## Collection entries
___

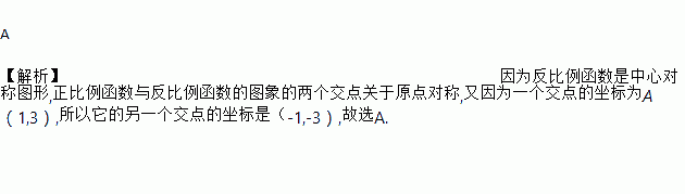 已知反比例函数和正比例函数在第一象限的交点为A(1,3),则在第三象限的交点B为( )
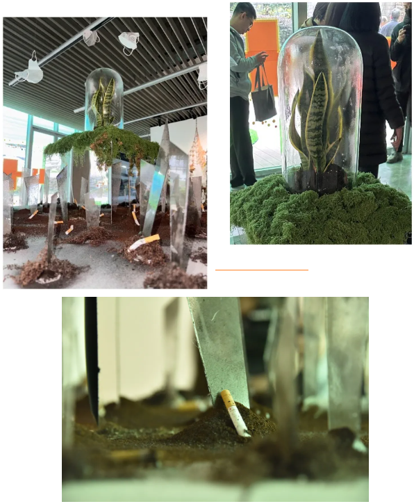 基层包含破碎的丙烯酸片、废弃的香烟过滤器、涂抹在表面的深色墨水和悬挂的用过的口罩。这些因素代表了污染、有害习惯和漫不经心的日常行为,这些行为会慢慢窒息我们所依赖的空气。尖锐的碎片向上刺穿,说明了不作为的后果。中心周围的镜面不仅投射出无尽的锐利感,还要求观众看到自己反映在被污染的景观中,强调分担责任和个人影响。
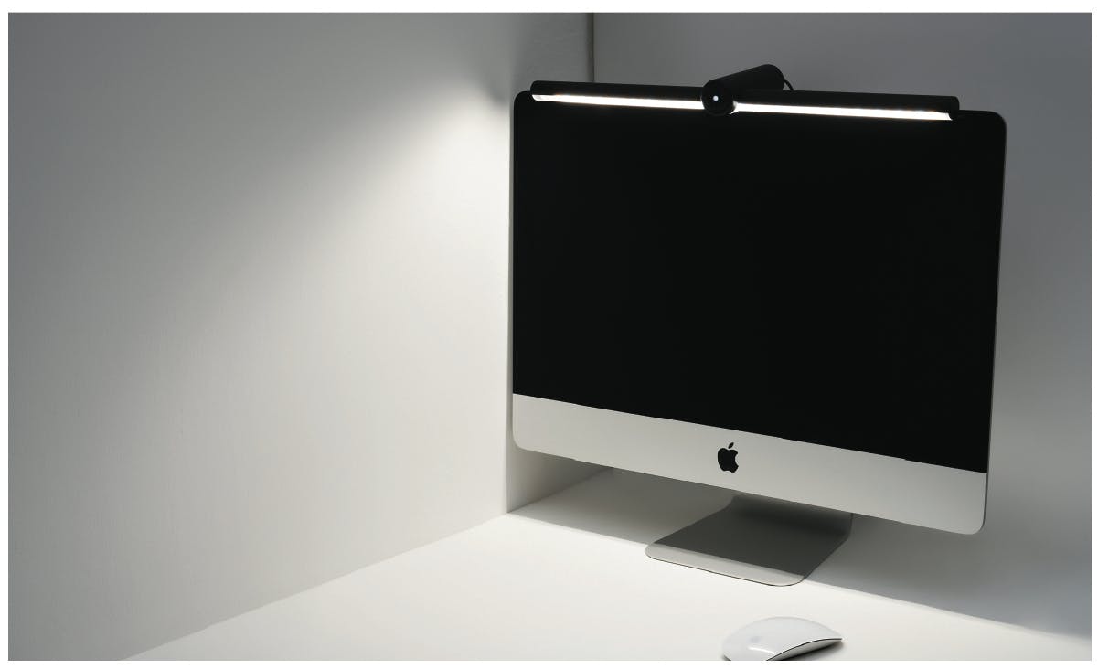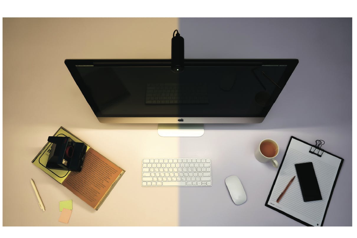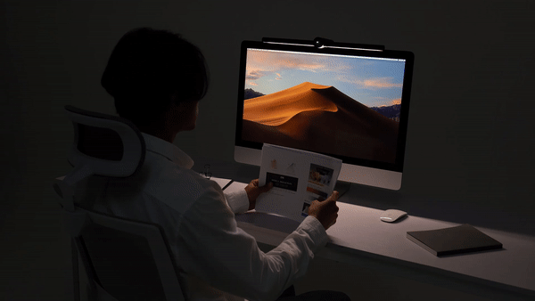 「ON」の照明がデスクだけを照らし、画面に直接光が届かないため、画面に反射されて目が眩しくなることはありません。
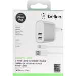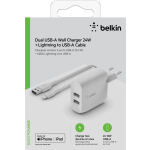 Belkin Dual Wall Charger 24 Watt met PVC USB-A-naar-Lightning-kabel 1 Meter - Wit
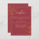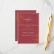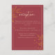 Esta moderna, simplista y elegante tarjeta de recepción de bodas burdeos presenta hermosas hojas de oro y una combinación de escritura y letras simplistas. Puede personalizar este diseño con sus propios detalles de la recepción nupcial.
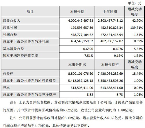 報告期內(nèi)公司實現(xiàn)營業(yè)總收入4,000,449,497.53元,同比增長42.70%;實現(xiàn)營業(yè)利潤-179,595,657.39元,同比減少139.71%;利潤總額478,777,104.62元,比上年同期增長1.34%;實現(xiàn)歸屬于上市公司股東的凈利潤403,275,444.28元,比上年同期增長0.60%。報告期內(nèi)公司基本每股收益為0.6590元,比上年同期減少5.52%。現(xiàn)對上述相關(guān)財務(wù)指標的變動說明如下:
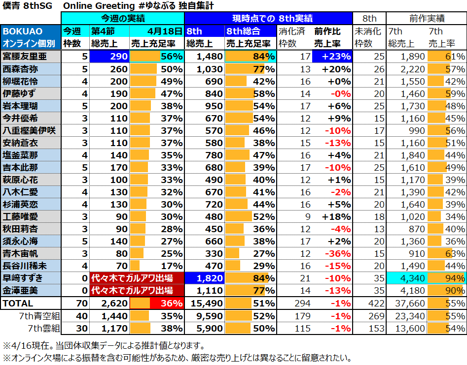 今節も引き続きライブツアー中ということもあり、購買意欲の全体的な減衰がデータからも見て取れている。売上が落ちるのは決して良いことではないのだが、過密日程の中で持続可能なオタク活動をしていくためには無理は禁物である。自分のできる範囲で、無理のない応援活動を頑張っていただきたいところ。
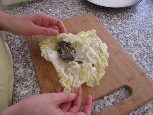 We picked up some really nice Kurobuta (Berkshire) sidebelly while at Mitsuwa. It came thinly sliced which is prefered for this dish. It doesn’t necessarily have to be thinly sliced, nor does it have to be belly. You could get some nice chops and cut them thinly yourself, just try to make them no thicker than about 1/8 inch. I cut the pork sliced in half since they were as long as bacon. That wasn’t necessary, just what I felt like doing.
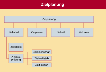 Um das Phänomen „Ziel“ zu differenzieren und in einzelne Aspekte aufzuspalten, sind in der betriebswirtschaftlichen Forschung zahlreiche Ansätze entwickelt worden. Für die Zwecke der Zielplanung eignet sich besonders der Ansatz der Zielelementarisierung, der auf dem Konzept der Zieldimensionen aufbaut. Durch die Elementarisierung des Ziels wird deutlich, welche Zielbestandteile, einer besonderen Planungsanstrengung bedürfen. Die Zielelementarisierung führt zu folgender Differenzierung:

___

## EXERCISE DIRECTIONS
Copy exactly the lines that begin at the one containing "We picked up" and end at the last line of the records, both included, omitting the pictures.

## RESULT FOR THIS EXERCISE
 We picked up some really nice Kurobuta (Berkshire) sidebelly while at Mitsuwa. It came thinly sliced which is prefered for this dish. It doesn’t necessarily have to be thinly sliced, nor does it have to be belly. You could get some nice chops and cut them thinly yourself, just try to make them no thicker than about 1/8 inch. I cut the pork sliced in half since they were as long as bacon. That wasn’t necessary, just what I felt like doing.
 Um das Phänomen „Ziel“ zu differenzieren und in einzelne Aspekte aufzuspalten, sind in der betriebswirtschaftlichen Forschung zahlreiche Ansätze entwickelt worden. Für die Zwecke der Zielplanung eignet sich besonders der Ansatz der Zielelementarisierung, der auf dem Konzept der Zieldimensionen aufbaut. Durch die Elementarisierung des Ziels wird deutlich, welche Zielbestandteile, einer besonderen Planungsanstrengung bedürfen. Die Zielelementarisierung führt zu folgender Differenzierung:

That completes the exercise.